Song by Twenty One Pilots

from the album Blurryface
- Released: May 17, 2015
- Length: 3:11
- Label: Fueled by Ramen
- Songwriter: Tyler Joseph
- Producers: Ricky Reed; Tyler Joseph;

= Doubt (Twenty One Pilots song) =

Twenty One Pilots song

"Doubt" is a song by American musical duo Twenty One Pilots. First released as the eighth track of their fourth studio album Blurryface (2015), a demo version was released as a non-album single on April 9, 2025.

== Recording ==
For the recording of "Doubt", the duo heavily employed the use of auto-tune.

== Critical reception ==
Billboard critic Garrett Kamps likened it to "a Chris Brown outtake".

== Demo ==

After the demo of the song went viral on the video sharing platform TikTok, the duo officially released the demo on April 9, 2025, almost ten years after the song originally appeared on Blurryface.
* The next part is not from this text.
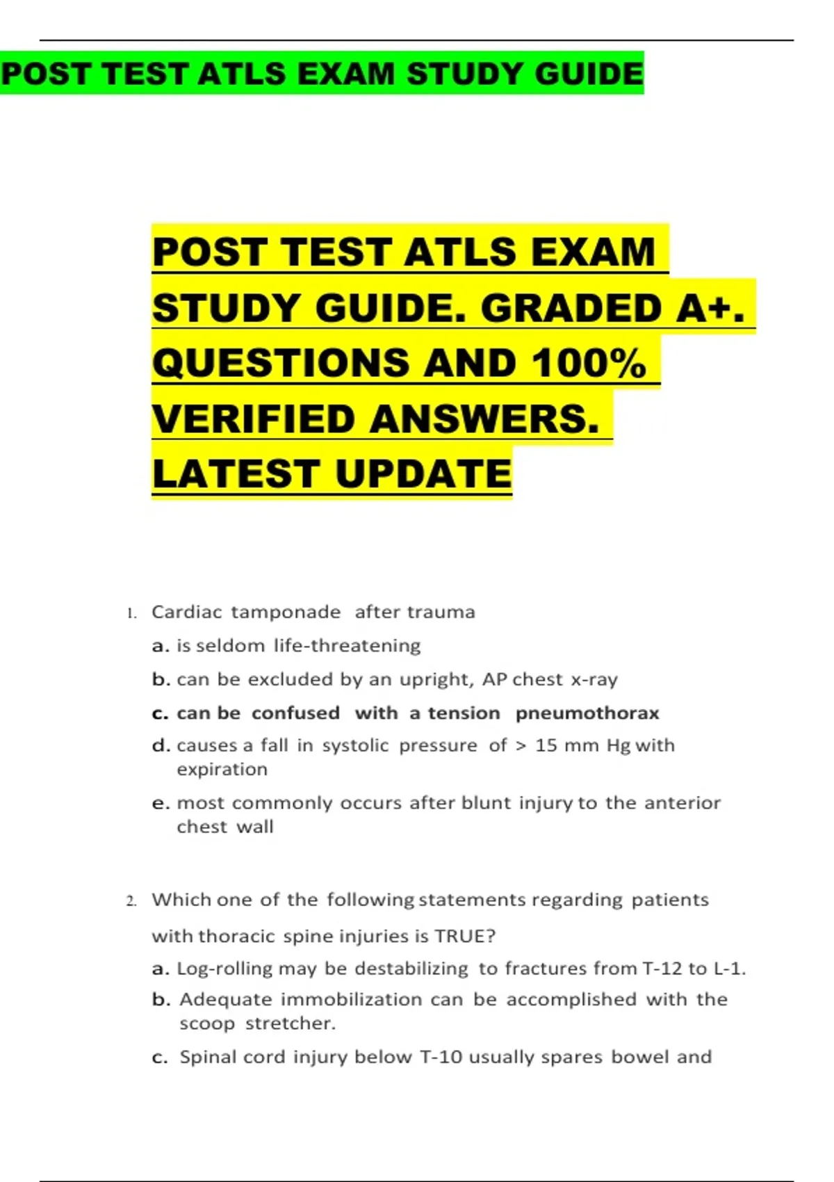 POST TEST ATLS EXAM STUDY GUIDE POST TEST ATLS EXAM STUDY GUIDE. GRADED A+. QUESTIONS AND 100% VERIFIED ANSWERS. LATEST UPDATE

Frontman Tyler Joseph revealed how the demo got released, after his mom called him and asked him, "Hey, did you know you have a song blowing up on TikTok?" The demo was released ahead of the celebration of the 10th anniversary of the album, which occurred on May 17, 2025.

==Charts==

===Weekly charts===

| Chart (2015–16) | Peak position |
|---|---|
| US Hot Rock & Alternative Songs (Billboard) | 32 |

| Chart (2025) | Peak position |
|---|---|
| Austria (Ö3 Austria Top 40) | 45 |
| Canada Hot 100 (Billboard) | 96 |
| Global 200 (Billboard) | 152 |
| Germany (GfK) | 85 |
| New Zealand Hot Singles (RMNZ) | 9 |
| Norway (VG-lista) | 91 |
| Sweden Heatseeker (Sverigetopplistan) | 9 |
| Switzerland (Schweizer Hitparade) | 56 |
| UK Singles Sales (OCC) | 9 |
| US Hot Rock & Alternative Songs (Billboard) | 23 |

===Year-end charts===

| Chart (2015) | Position |
|---|---|
| US Hot Rock Songs (Billboard) | 73 |

== Certifications ==

| Region | Certification | Certified units/sales |
| Australia (ARIA) | Gold | 35,000^{‡} |
| Austria (IFPI Austria) | Gold | 15,000^{‡} |
| Canada (Music Canada) | Platinum | 80,000^{‡} |
| New Zealand (RMNZ) | Gold | 15,000^{‡} |
| Poland (ZPAV) | Gold | 25,000^{‡} |
| United Kingdom (BPI) | Silver | 200,000^{‡} |
| United States (RIAA) | Platinum | 1,000,000^{‡} |
^{‡} Sales+streaming figures based on certification alone.